--- Supplied entries Enclosed Below ---

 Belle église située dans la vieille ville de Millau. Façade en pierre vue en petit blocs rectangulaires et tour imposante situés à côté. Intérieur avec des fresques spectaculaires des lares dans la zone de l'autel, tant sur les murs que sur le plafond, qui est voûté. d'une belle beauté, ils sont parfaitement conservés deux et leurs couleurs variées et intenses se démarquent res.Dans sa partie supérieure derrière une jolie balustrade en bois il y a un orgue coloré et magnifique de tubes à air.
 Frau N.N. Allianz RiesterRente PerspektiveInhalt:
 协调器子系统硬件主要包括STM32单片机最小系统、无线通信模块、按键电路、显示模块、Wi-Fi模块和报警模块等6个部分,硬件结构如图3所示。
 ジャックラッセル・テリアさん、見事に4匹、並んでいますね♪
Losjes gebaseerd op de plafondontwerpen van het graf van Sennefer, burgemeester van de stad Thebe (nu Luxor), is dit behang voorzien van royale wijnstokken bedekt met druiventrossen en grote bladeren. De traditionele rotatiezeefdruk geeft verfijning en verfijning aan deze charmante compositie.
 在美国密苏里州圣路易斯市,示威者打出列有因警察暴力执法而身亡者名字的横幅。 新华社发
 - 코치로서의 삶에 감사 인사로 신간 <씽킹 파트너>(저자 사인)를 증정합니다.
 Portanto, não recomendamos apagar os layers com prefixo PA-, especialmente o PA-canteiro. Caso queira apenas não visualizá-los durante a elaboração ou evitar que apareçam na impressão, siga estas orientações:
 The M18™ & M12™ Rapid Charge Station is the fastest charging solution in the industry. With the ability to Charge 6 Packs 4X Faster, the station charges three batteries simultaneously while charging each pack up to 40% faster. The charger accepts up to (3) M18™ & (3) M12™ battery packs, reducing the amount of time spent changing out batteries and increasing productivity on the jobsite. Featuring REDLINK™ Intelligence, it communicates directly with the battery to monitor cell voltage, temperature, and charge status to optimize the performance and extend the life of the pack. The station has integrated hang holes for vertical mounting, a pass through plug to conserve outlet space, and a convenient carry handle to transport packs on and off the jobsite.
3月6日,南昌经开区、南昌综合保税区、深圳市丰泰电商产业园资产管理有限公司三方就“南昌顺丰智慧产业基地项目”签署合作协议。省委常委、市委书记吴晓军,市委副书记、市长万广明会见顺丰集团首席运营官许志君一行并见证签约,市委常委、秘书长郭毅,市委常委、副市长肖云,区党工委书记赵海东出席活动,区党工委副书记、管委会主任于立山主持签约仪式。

--- End of Enclosed Supplied entries ---

Assignment: Restate every entry above exactly as it stands.

Solution below:
 Belle église située dans la vieille ville de Millau. Façade en pierre vue en petit blocs rectangulaires et tour imposante situés à côté. Intérieur avec des fresques spectaculaires des lares dans la zone de l'autel, tant sur les murs que sur le plafond, qui est voûté. d'une belle beauté, ils sont parfaitement conservés deux et leurs couleurs variées et intenses se démarquent res.Dans sa partie supérieure derrière une jolie balustrade en bois il y a un orgue coloré et magnifique de tubes à air.
 Frau N.N. Allianz RiesterRente PerspektiveInhalt:
 协调器子系统硬件主要包括STM32单片机最小系统、无线通信模块、按键电路、显示模块、Wi-Fi模块和报警模块等6个部分,硬件结构如图3所示。
 ジャックラッセル・テリアさん、見事に4匹、並んでいますね♪
Losjes gebaseerd op de plafondontwerpen van het graf van Sennefer, burgemeester van de stad Thebe (nu Luxor), is dit behang voorzien van royale wijnstokken bedekt met druiventrossen en grote bladeren. De traditionele rotatiezeefdruk geeft verfijning en verfijning aan deze charmante compositie.
 在美国密苏里州圣路易斯市,示威者打出列有因警察暴力执法而身亡者名字的横幅。 新华社发
 - 코치로서의 삶에 감사 인사로 신간 <씽킹 파트너>(저자 사인)를 증정합니다.
 Portanto, não recomendamos apagar os layers com prefixo PA-, especialmente o PA-canteiro. Caso queira apenas não visualizá-los durante a elaboração ou evitar que apareçam na impressão, siga estas orientações:
 The M18™ & M12™ Rapid Charge Station is the fastest charging solution in the industry. With the ability to Charge 6 Packs 4X Faster, the station charges three batteries simultaneously while charging each pack up to 40% faster. The charger accepts up to (3) M18™ & (3) M12™ battery packs, reducing the amount of time spent changing out batteries and increasing productivity on the jobsite. Featuring REDLINK™ Intelligence, it communicates directly with the battery to monitor cell voltage, temperature, and charge status to optimize the performance and extend the life of the pack. The station has integrated hang holes for vertical mounting, a pass through plug to conserve outlet space, and a convenient carry handle to transport packs on and off the jobsite.
3月6日,南昌经开区、南昌综合保税区、深圳市丰泰电商产业园资产管理有限公司三方就“南昌顺丰智慧产业基地项目”签署合作协议。省委常委、市委书记吴晓军,市委副书记、市长万广明会见顺丰集团首席运营官许志君一行并见证签约,市委常委、秘书长郭毅,市委常委、副市长肖云,区党工委书记赵海东出席活动,区党工委副书记、管委会主任于立山主持签约仪式。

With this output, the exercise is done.